I don't think that is it. Pretty sure we have you with the other suggestion but let me know. Let's get some photos if that is not the fix.


----------



## tokyo_dom (Jan 7, 2013)

Ok after confirming that my wife is no more yoga-flexible than i am, i set about comparing my Fives to her Haylos... And i have fixed the problem, mostly.

First thing i noticed: When flipping the locking latch open/closed, my highback moved forward 1cm, but her Haylo moved forward a full 2.2cm. That puts a LOT of pressure on on the latching motion with the boots in place, unless the boots are quite loose in there!

Second problem is not so bad but the tab which locks the latch in place is about 2mm out of alignment with the latch, so you need considerable pressure to Lock or Unlock the latch, compared to my Fives which almost seem loose in comparison (no issues on the mountain though)

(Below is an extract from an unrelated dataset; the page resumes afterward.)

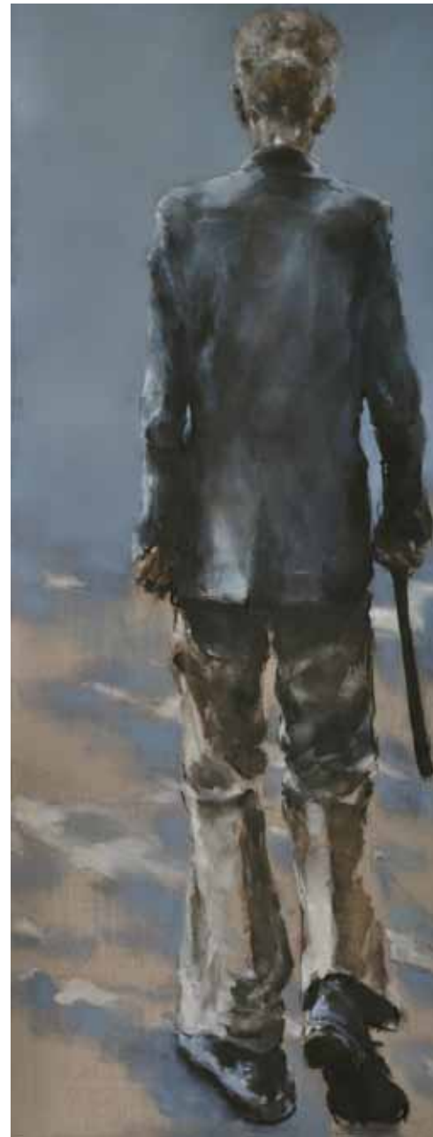
"S.B., Paris". Óleo / lino. 180 x 70 cm. 2011

Only way to fix the forward movement of the highback during latching is to reduce forward lean. So i moved the wire mounting point one step further out. But that put the bindings at zero or perhaps negative forward lean. Thats when i noticed the haylo does have forward lean adjustment, its a screw on the side of the binding, and it was set to almost all the out (negative). Screw that a bit to the positive side to get it at least close to zero lean, and now latching motion is much easier. Locking is still very stiff, and unlikely to get any easier due to the misalignment of the tab, but at least my wife seems happy for now.


----------



## Wiredsport (Sep 16, 2009)

Please post up a photo of the misalignment.


----------



## tokyo_dom (Jan 7, 2013)

Will do when i get home. When the latch flips up, the tab on the highback that locks it in place hits about 2mm below the hole that it should go into. You can close it, but it takes a decent amount of force. Same for opening.


----------



## tokyo_dom (Jan 7, 2013)

*@Wiredsport*

Wiredsport, see the attached pic. Note that the tab is hitting the very bottom of the opening it needs to go into. It slides up fine but it takes a fair amount of force to get it in (compared to my fives)


----------



## fastaction (Nov 27, 2014)

Pretty cool wiredsport in these forums. I bought some Flow NX2-GT hybrid from u guys a month ago.


----------



## Wiredsport (Sep 16, 2009)

tokyo_dom said:


> Wiredsport, see the attached pic. Note that the tab is hitting the very bottom of the opening it needs to go into. It slides up fine but it takes a fair amount of force to get it in (compared to my fives)


Hi Bro,

Have a look at this vid and let me know if the motion is similar to the Flite that is shown (check at 00:20). These use the same mechanism.


----------



## Wiredsport (Sep 16, 2009)

fastaction said:


> Pretty cool wiredsport in these forums. I bought some Flow NX2-GT hybrid from u guys a month ago.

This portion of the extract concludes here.